◆ **Assigned task**: Return exactly the span of lines in the following data that opens with the line containing "Cykelparkering ved Bornholm Rundt" and closes with the line containing "Mäyry on syöttöliikenteen". Include nothing else.
-- Opening Marker --
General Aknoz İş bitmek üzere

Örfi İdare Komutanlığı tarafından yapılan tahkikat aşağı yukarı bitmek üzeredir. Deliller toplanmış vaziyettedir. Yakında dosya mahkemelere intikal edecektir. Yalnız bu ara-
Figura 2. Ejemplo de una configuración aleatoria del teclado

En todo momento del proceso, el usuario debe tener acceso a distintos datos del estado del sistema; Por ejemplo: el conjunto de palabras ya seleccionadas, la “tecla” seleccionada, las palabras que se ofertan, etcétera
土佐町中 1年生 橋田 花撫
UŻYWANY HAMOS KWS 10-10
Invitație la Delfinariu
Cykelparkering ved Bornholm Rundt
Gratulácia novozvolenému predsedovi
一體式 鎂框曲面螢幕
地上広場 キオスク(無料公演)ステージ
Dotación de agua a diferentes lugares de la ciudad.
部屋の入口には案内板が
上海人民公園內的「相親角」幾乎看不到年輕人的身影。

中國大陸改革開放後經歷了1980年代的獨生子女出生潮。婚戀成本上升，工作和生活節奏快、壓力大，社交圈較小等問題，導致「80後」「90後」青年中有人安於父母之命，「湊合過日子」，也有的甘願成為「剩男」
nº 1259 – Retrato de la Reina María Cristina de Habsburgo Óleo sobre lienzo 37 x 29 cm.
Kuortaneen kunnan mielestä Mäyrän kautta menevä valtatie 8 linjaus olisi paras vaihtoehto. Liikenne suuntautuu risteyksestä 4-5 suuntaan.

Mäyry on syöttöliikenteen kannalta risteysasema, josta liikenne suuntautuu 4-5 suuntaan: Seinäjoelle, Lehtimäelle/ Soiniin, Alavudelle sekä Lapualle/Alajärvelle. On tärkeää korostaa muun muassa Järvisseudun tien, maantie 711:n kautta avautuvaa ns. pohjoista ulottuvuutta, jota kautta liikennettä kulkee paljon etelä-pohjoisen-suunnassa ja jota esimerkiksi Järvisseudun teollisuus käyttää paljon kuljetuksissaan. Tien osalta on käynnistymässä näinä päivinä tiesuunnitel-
-- Closing Marker --
-- Opening Marker --
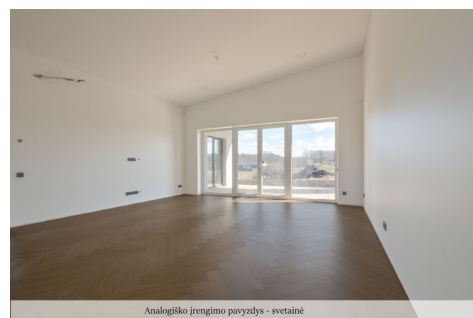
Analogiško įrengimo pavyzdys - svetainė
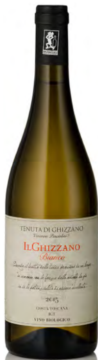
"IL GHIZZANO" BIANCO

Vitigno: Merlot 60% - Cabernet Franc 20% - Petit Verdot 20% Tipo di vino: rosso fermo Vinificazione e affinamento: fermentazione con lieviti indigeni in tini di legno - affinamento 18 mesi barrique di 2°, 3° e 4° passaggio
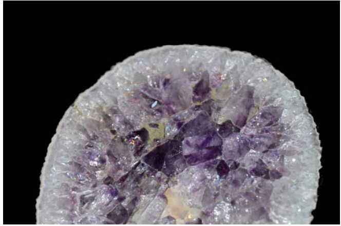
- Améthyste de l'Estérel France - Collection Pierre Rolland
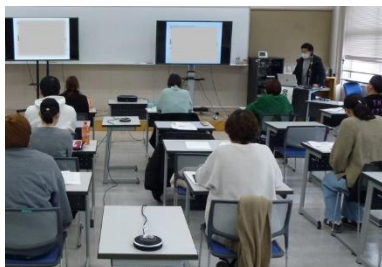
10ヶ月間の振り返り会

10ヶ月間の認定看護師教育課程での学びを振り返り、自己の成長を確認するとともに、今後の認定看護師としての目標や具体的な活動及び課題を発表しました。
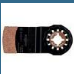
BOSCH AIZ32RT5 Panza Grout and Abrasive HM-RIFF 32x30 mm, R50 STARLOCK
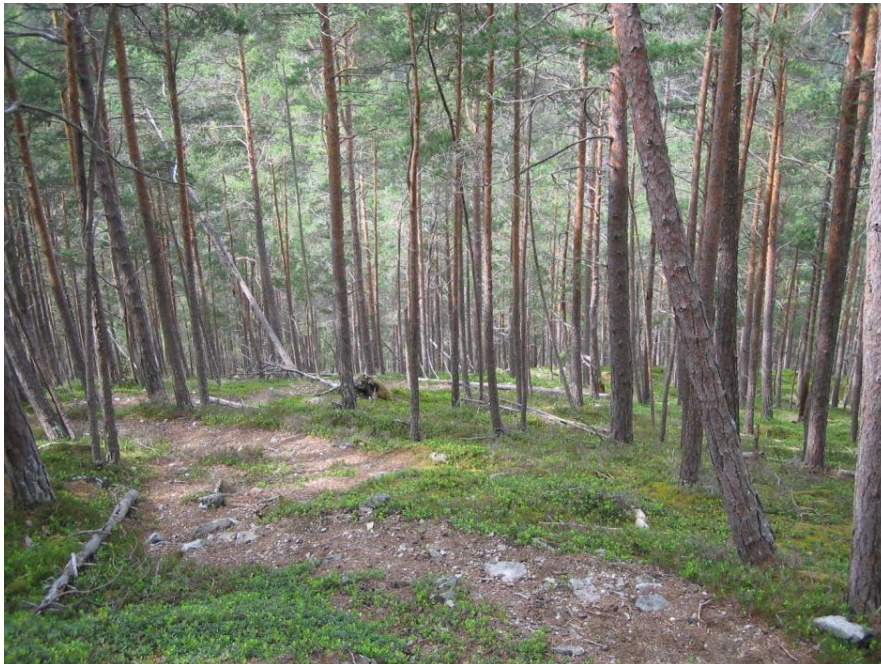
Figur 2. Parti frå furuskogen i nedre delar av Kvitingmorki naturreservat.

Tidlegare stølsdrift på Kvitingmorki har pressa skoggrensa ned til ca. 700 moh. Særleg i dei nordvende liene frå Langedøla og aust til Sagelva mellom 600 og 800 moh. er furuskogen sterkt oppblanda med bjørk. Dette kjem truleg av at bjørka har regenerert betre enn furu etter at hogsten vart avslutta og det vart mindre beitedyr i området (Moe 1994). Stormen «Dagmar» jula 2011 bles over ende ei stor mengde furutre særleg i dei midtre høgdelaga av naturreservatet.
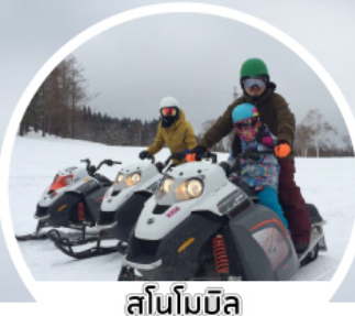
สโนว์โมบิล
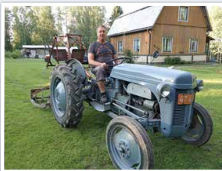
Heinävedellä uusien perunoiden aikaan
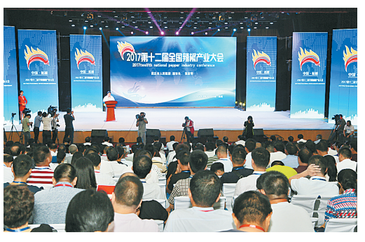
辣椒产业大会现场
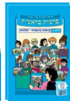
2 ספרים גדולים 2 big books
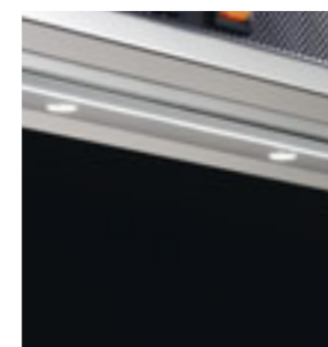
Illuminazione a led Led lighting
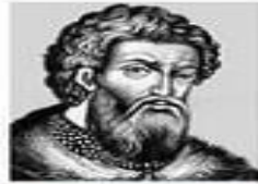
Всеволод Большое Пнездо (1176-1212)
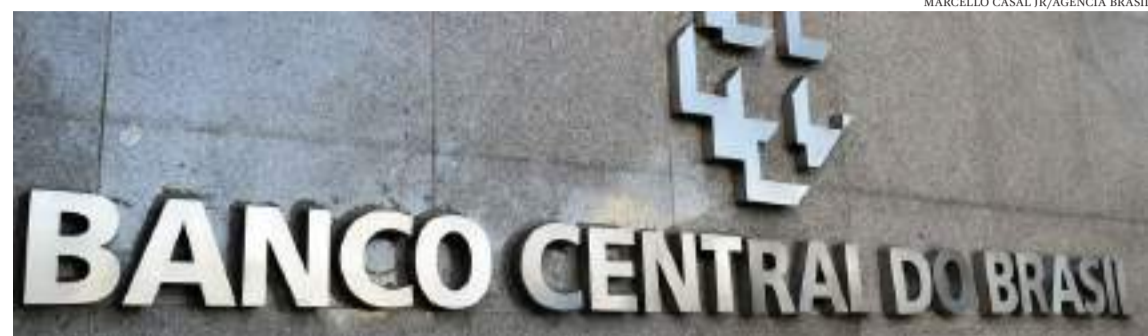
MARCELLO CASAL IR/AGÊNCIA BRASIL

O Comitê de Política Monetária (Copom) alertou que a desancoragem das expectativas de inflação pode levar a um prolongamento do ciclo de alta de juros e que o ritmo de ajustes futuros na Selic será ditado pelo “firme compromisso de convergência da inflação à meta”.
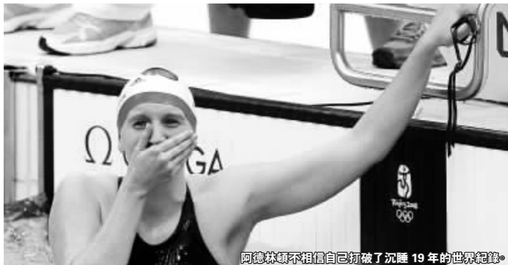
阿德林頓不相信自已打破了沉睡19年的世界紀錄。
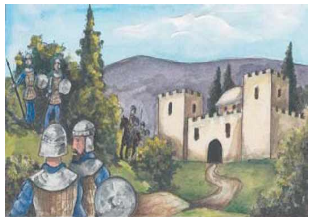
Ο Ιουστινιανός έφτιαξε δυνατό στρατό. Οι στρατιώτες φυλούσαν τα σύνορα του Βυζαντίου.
-- Closing Marker --
◆ **Answer section**:
Cykelparkering ved Bornholm Rundt
Gratulácia novozvolenému predsedovi
一體式 鎂框曲面螢幕
地上広場 キオスク(無料公演)ステージ
Dotación de agua a diferentes lugares de la ciudad.
部屋の入口には案内板が
上海人民公園內的「相親角」幾乎看不到年輕人的身影。

中國大陸改革開放後經歷了1980年代的獨生子女出生潮。婚戀成本上升，工作和生活節奏快、壓力大，社交圈較小等問題，導致「80後」「90後」青年中有人安於父母之命，「湊合過日子」，也有的甘願成為「剩男」
nº 1259 – Retrato de la Reina María Cristina de Habsburgo Óleo sobre lienzo 37 x 29 cm.
Kuortaneen kunnan mielestä Mäyrän kautta menevä valtatie 8 linjaus olisi paras vaihtoehto. Liikenne suuntautuu risteyksestä 4-5 suuntaan.

Mäyry on syöttöliikenteen kannalta risteysasema, josta liikenne suuntautuu 4-5 suuntaan: Seinäjoelle, Lehtimäelle/ Soiniin, Alavudelle sekä Lapualle/Alajärvelle. On tärkeää korostaa muun muassa Järvisseudun tien, maantie 711:n kautta avautuvaa ns. pohjoista ulottuvuutta, jota kautta liikennettä kulkee paljon etelä-pohjoisen-suunnassa ja jota esimerkiksi Järvisseudun teollisuus käyttää paljon kuljetuksissaan. Tien osalta on käynnistymässä näinä päivinä tiesuunnitel-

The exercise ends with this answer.